━━ EXERCISE DATA

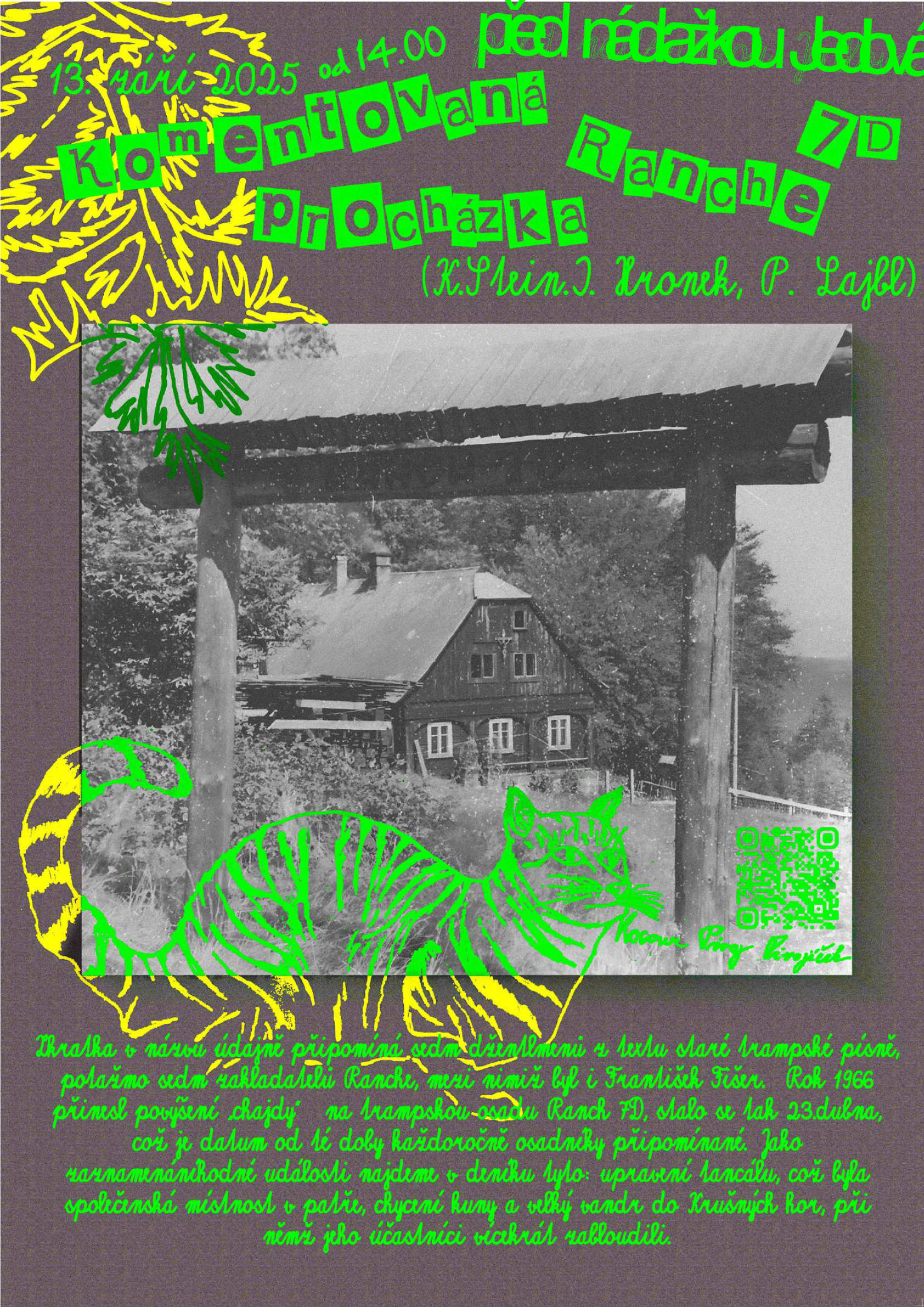 Pár desítek metrů od turistického rozcestníku U ranče na Jedlové stojí podstávková chalupa s roubeným srubem, věžičkou a bránou s nápisem Ranch 7D. Od roku 1950 tu žil František Fišer – pro kamarády Fanda, v trampské komunitě známý jako Rancher.
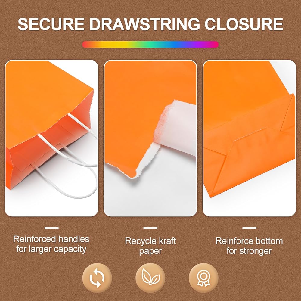 [Premium Quality] These gift bags are made of kraft paper which is durable and it's easy to stand up. The material are eco-friendly and reusable. You can store and reuse them multiple times.
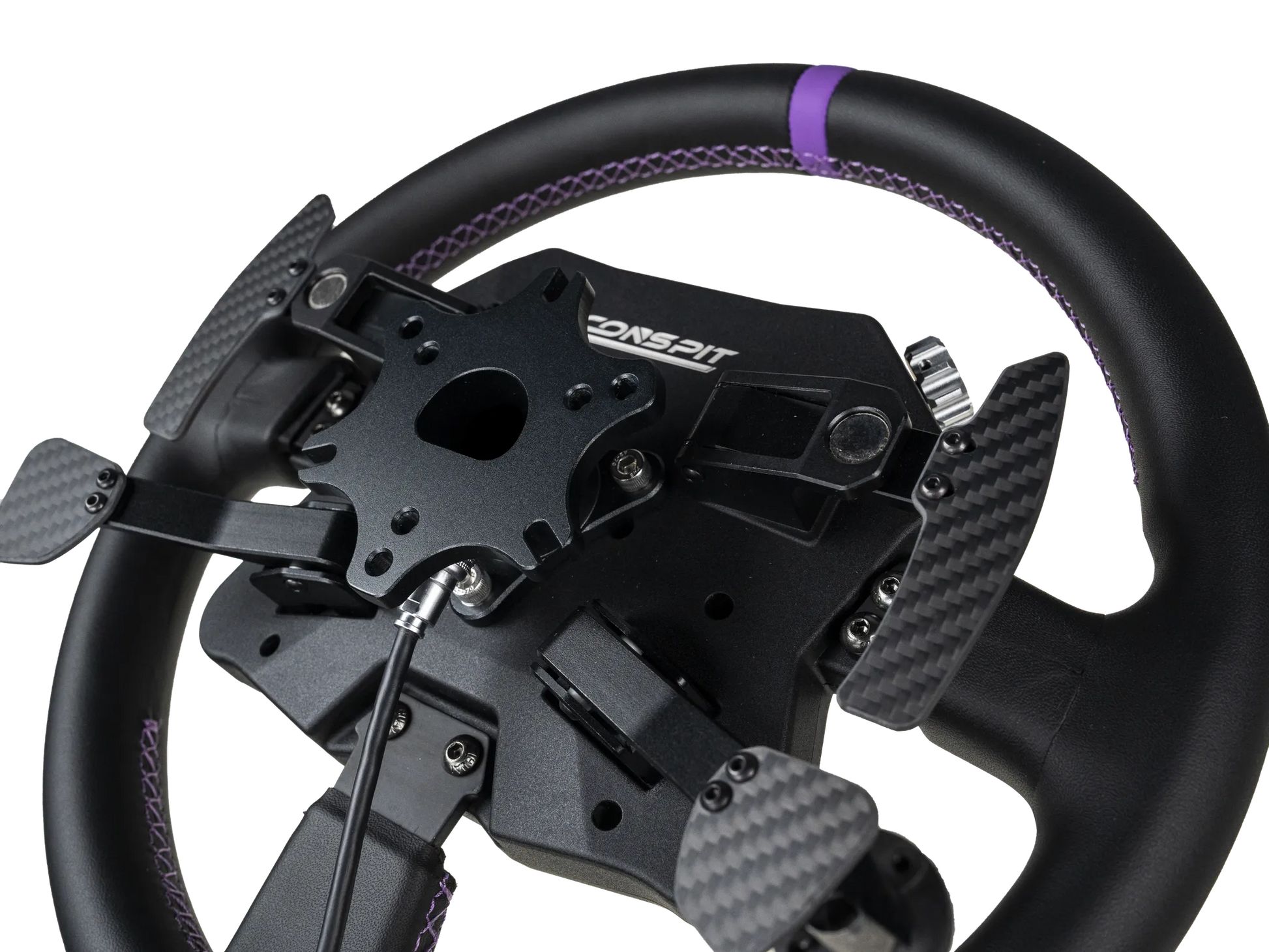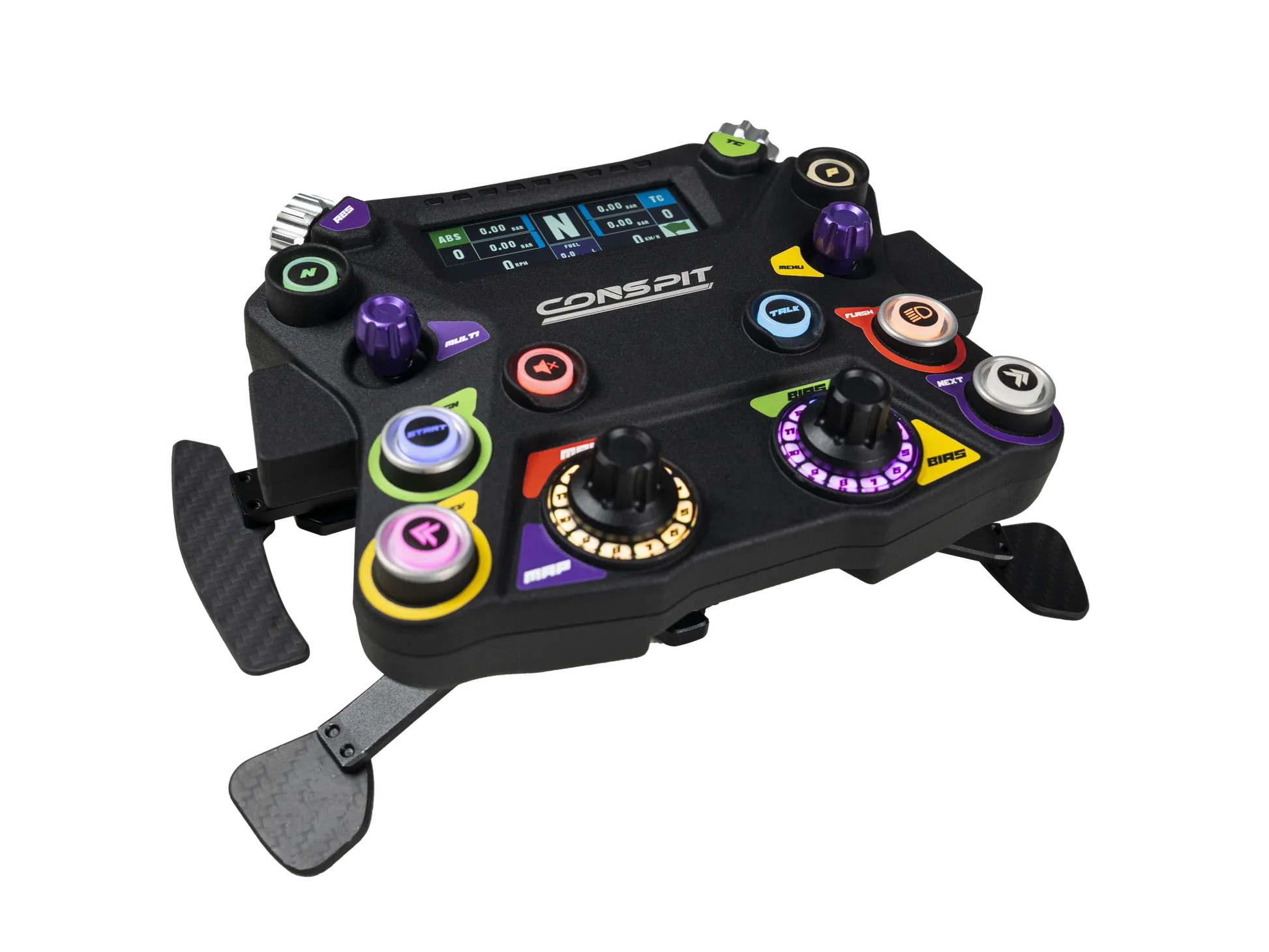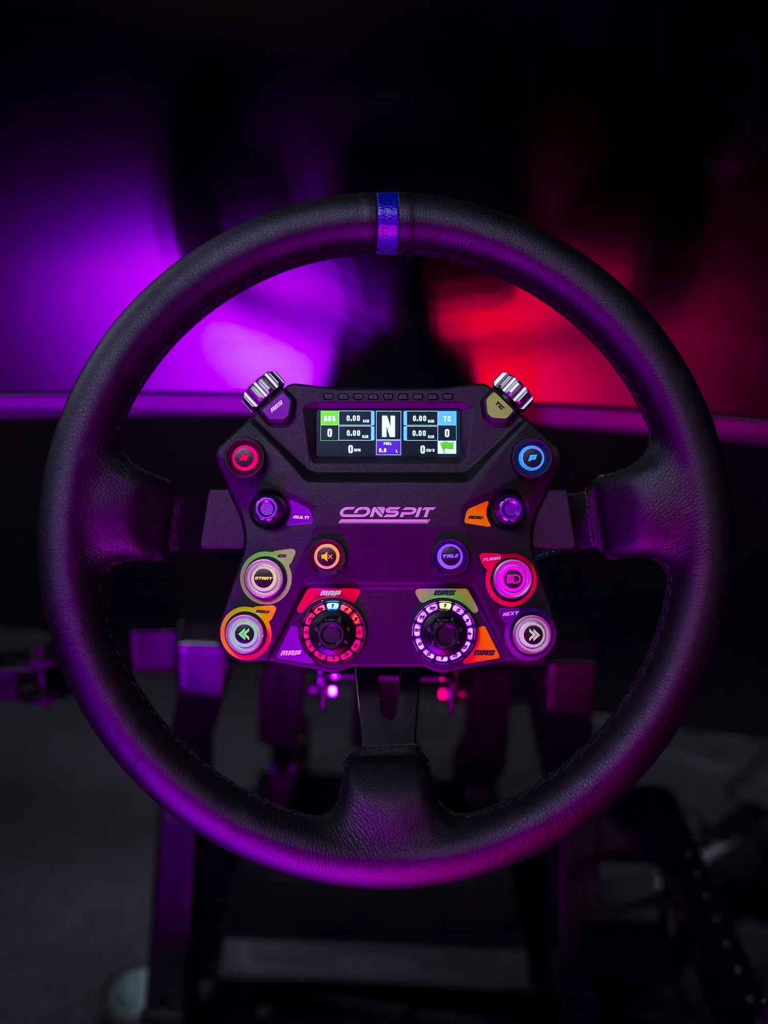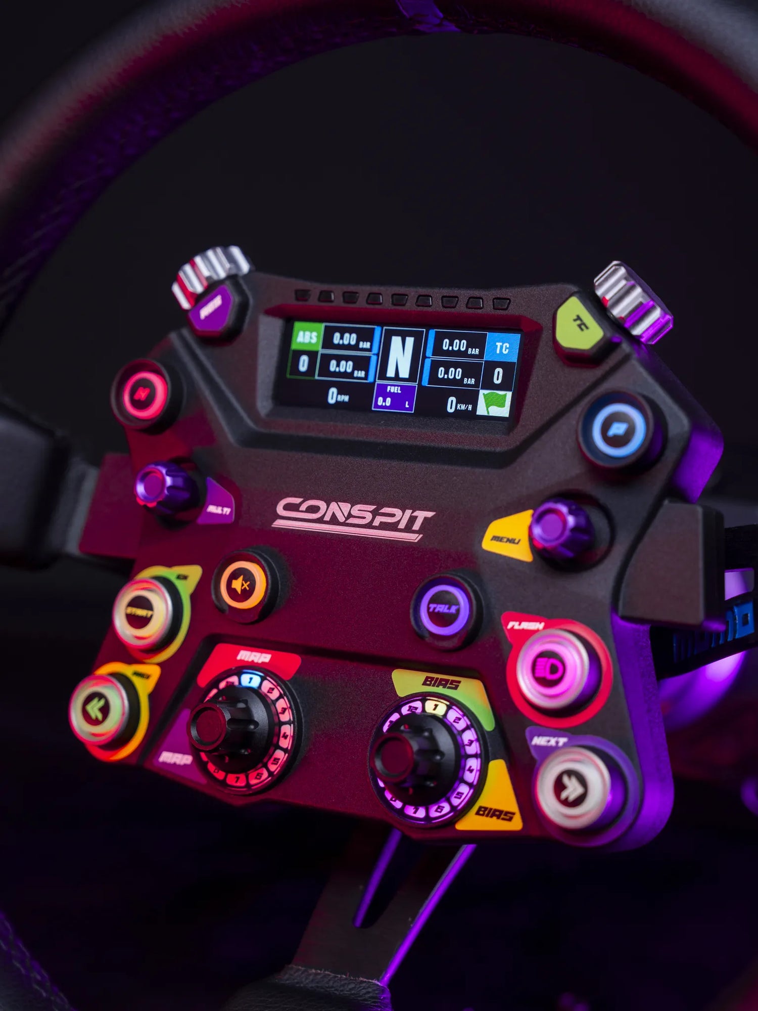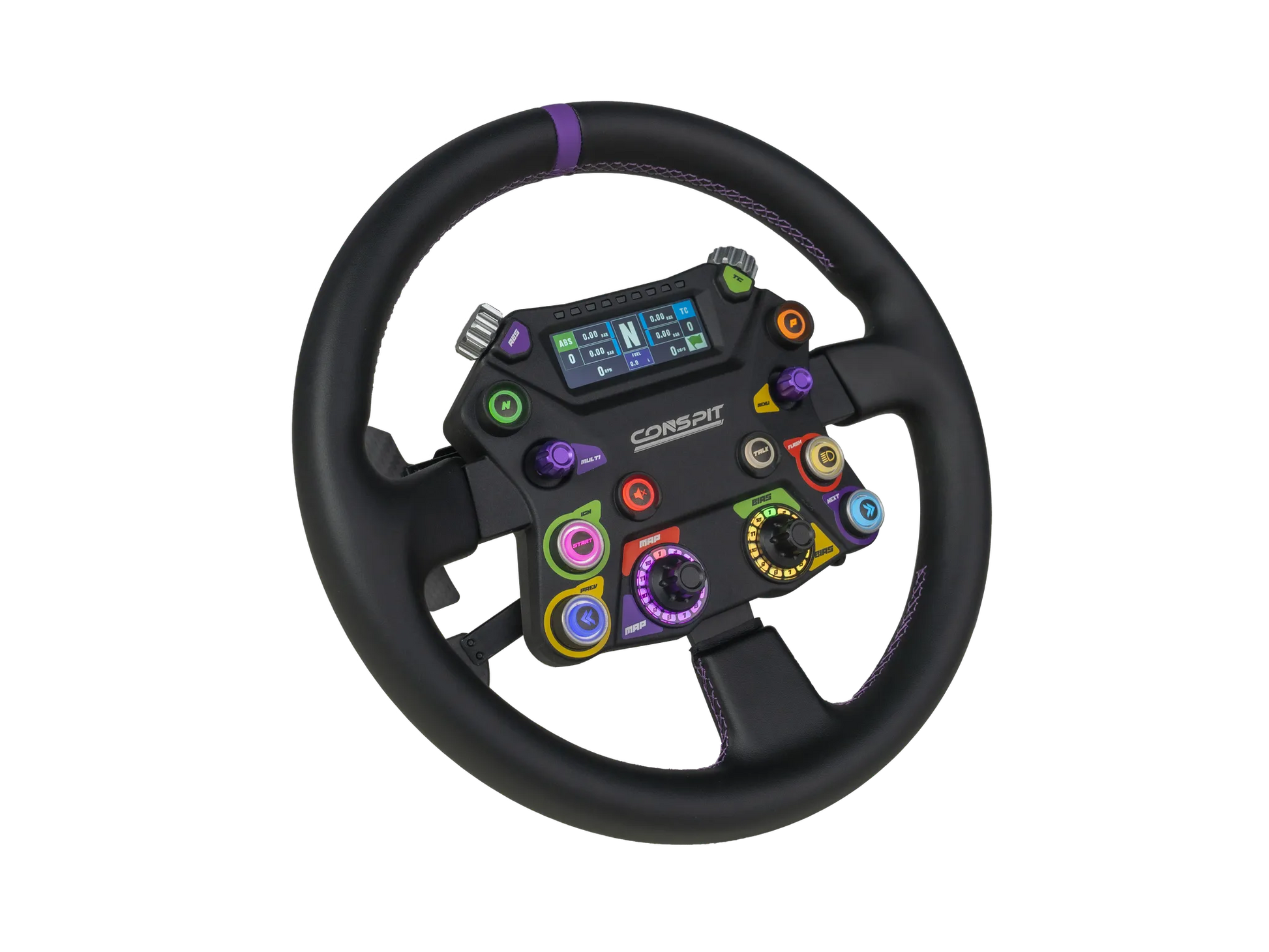 Volant CONSPIT 310 APEX : volant rond 310 mm avec écran 2,99″, LED RGB, palettes magnétiques et embrayage dual clutch. Polyvalence et performance GT.

━━━━

» **TASK ITEM**: Every line from the one containing "[Premium Quality] These" through the end of the listing is to be copied exactly; the pictures are not.

» **RESPONSE FOR THIS EXERCISE**:
 [Premium Quality] These gift bags are made of kraft paper which is durable and it's easy to stand up. The material are eco-friendly and reusable. You can store and reuse them multiple times.
 Volant CONSPIT 310 APEX : volant rond 310 mm avec écran 2,99″, LED RGB, palettes magnétiques et embrayage dual clutch. Polyvalence et performance GT.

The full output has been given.